Yom Rishon, 23 AdarI 5781
Sunday, 7 March 2021
Parashat Vayyigash 5776

Rabbi Margaret Jacobi
18th December 2015

Not long ago, I happened to hear on the Radio 4 programme Crossing Continents about immigrants in Poland. ·Apparently Poland has one of the few expanding economies in Europe and so it is now the target for people from other countries seeking work. In a strange reversal of the pattern of a few years ago, when Poles were exiting Poland to seek work elsewhere, including the UK, Poland is now a place to go for work. ·Apart from migrants from neighbouring countries such as the Ukraine, many were coming from Vietnam because of its links with Poland through the communist years. ·The programme told a familiar story of immigrants starting off with little and working long hours in order to provide a future for their children. One Vietnamese family had given their children Polish names as an affirmation of the hope they saw in Poland. They said what mattered was not how hard they worked but that their children would get an education. ·Generations of immigrants, Jewish, Indian, African and of many other nationalities have spoken in the same way, and by hard work have brought their dreams to fulfilment.
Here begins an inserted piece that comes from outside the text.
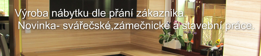 Dobrý den,vítáme Vás na našich stránkách.Na úvod by jsme Vás chtěli informovat, že v našem oboru působíme déle jak 15.let.Vyrábíme nábytek dle přání zákazníka (kuchyně,skříně,dveře,obložky,pokládka podlah,pergoly,zábradlí atd.)Nově také svařování drobných konstrukcí,mříže do oken,zábradlí apod.Naší prioritou je vaše spokojenost.Samozřejmostí je osobní přístup,rychlé a co nejefektivnější řešení Vaší zakázky.V případě jakkýchkoliv dotazů nás neváhejte kontaktovat.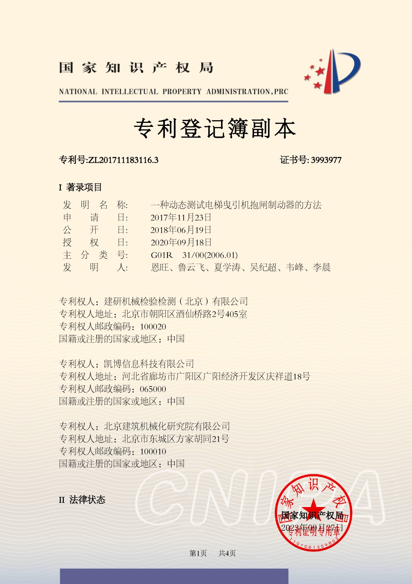 實(shí)用新型專利——試驗(yàn)曳引機(jī)制動(dòng)器式電梯轎廂上...

Joseph and his family were predecessors of them all. Joseph arrived in Egypt as a result of slave-trafficking, sold by his brothers. ·Now in return he shows them kindness - he saves his brothers and his family from famine and starvation. ·As he says in the message he sends to his father: ‘Come down and stay with me... ·and you shall live in the Land of Goshen, and I shall sustain you, ·for there are still five years of famine - lest you be stricken with poverty.’ ·Joseph’s family become what would now be called economic migrants, moving to another land compelled by famine, and there, by hard work, they prosper. And like migrants of every generation, they bring good to the country they settle in.

This week saw historic agreement in Paris to take action about global warming. ·It is now clear that the global temperature will rise, it is just a question of how much it will rise by - estimates range from 2 - 6C. ·Much depends on what action we take now. ·It is too late to prevent global warming but not too late to prevent the most dire predictions coming true. ·But whatever the degree of warming, there will be devastating consequences for all of us, and above all the poorest countries. ·Subsaharan Africa, already facing appalling poverty, will face worsening drought and famine. ·This is already resulting in huge population movements. ·Most people will go to neighbouring countries, as they do now, filling refugee camps on the borders. ·But many will come to Europe, prepared, in order to scrape a living, ·to live the sort of life of hard work and frugality that few of us would want to face.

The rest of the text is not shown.